Dozens, perhaps hundreds, of people at JC Penney and Forever 21 encountered these shirts before they were made available to the public. Why didn't employees of these retailers at some point say, "Hey, are we really going to sell shirts to young girls that say 'I'm too pretty for homework' or 'Allergic to Algebra'?"
It's obvious that these shirts perpetuate offensive and harmful stereotypes about the ability of women to achieve academically relative to men. Of course, many studies have confirmed that these stereotypes are baseless, and that women's minds are just as well suited to performing academically as men's.
But, because popular culture is so powerful, many women and girls will conform to negative stereotypes of what a woman is supposed to achieve if they are continually reinforced. Stores like JC Penney and Forever 21 help shape that culture through the clothing they sell.
It's clear that these stores listen to public pressure, but we must pressure JC Penney and Forever 21 to take concrete steps to ensure that clothing this sexist never even comes close to making it onto shelves again.
[end email]


First of all, the girls wearing these shirts are probably not good at math. Maybe they could be if they tried. But I could also be good at caring for children. I just have no desire to do that. "Allergic to bratty little 3 year olds" would be a fine slogan for my shirt.
We could make these shirts for guys too. Would that be a problem? The responsibility falls on the parents buying these shirts or the allowing their kids to buy these shirts. The market will take care of things by making bad designs lose money.

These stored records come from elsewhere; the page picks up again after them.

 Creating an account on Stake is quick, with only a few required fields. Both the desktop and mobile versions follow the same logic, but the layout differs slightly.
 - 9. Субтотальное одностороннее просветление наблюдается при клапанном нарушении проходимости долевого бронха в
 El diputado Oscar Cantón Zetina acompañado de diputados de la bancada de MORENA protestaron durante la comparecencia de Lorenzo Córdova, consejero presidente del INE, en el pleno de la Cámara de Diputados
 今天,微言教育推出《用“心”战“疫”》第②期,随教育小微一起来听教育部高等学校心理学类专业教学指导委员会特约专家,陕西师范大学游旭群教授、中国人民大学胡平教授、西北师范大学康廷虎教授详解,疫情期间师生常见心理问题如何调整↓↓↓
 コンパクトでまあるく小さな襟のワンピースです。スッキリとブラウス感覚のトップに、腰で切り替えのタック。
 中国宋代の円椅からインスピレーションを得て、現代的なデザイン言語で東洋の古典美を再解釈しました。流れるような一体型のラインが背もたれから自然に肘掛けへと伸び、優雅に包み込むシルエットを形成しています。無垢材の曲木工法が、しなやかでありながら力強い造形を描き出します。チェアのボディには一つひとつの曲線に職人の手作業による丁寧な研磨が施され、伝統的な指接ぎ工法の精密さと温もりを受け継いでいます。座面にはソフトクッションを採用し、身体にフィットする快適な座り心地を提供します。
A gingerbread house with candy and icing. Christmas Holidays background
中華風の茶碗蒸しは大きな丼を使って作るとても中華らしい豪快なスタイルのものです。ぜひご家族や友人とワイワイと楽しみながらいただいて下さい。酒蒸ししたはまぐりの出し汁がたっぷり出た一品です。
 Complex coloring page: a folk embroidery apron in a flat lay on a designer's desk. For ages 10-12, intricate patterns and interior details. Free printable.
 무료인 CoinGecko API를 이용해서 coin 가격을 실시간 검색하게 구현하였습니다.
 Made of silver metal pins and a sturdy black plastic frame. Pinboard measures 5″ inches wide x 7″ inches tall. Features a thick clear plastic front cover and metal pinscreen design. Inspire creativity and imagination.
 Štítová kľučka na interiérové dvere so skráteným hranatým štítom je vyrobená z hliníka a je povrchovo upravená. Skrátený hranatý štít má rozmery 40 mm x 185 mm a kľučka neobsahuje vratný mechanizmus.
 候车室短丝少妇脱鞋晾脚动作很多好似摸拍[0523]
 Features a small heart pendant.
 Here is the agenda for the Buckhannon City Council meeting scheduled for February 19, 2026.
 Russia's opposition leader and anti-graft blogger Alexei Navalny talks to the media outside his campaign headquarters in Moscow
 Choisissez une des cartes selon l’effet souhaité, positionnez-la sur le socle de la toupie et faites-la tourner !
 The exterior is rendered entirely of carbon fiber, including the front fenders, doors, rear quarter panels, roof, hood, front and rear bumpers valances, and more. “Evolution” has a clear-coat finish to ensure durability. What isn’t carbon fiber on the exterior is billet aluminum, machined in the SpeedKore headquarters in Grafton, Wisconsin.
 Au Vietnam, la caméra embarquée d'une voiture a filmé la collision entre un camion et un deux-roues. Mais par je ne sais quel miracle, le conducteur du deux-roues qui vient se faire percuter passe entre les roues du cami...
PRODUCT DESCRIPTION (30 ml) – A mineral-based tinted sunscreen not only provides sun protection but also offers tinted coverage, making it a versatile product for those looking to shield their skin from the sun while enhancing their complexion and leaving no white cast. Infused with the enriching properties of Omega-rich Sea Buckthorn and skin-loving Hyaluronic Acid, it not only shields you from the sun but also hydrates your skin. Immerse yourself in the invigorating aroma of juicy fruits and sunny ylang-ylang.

There is plenty of other sexist clothing in stores everywhere. Why don't they routinely carry thongs for men? Is that sexist? I guess it is because they're treating one gender different than the other. BUT it's not a problem and the market hasn't demanded that stores carry man thongs. There are special stores that cater to that market.

The too pretty for homework slogan is offensive, but so is "too rich for homework" or something along those lines, but other flashy displays of wealth and shirking of responsibilities are also encountered in retail stores. What about that app for the iPhone called I'm Rich?? You paid $1,000 for it to display a ruby on your phone. No other features. Just to show that you're rich. Apple did away with that app and they can do whatever they want, but people did buy it.
Even things that you don't like or you think are stupid might not be bad for other people. It's a slippery slope when you start deciding what people can and can't purchase with their own money. Let them decide not to buy the shirts.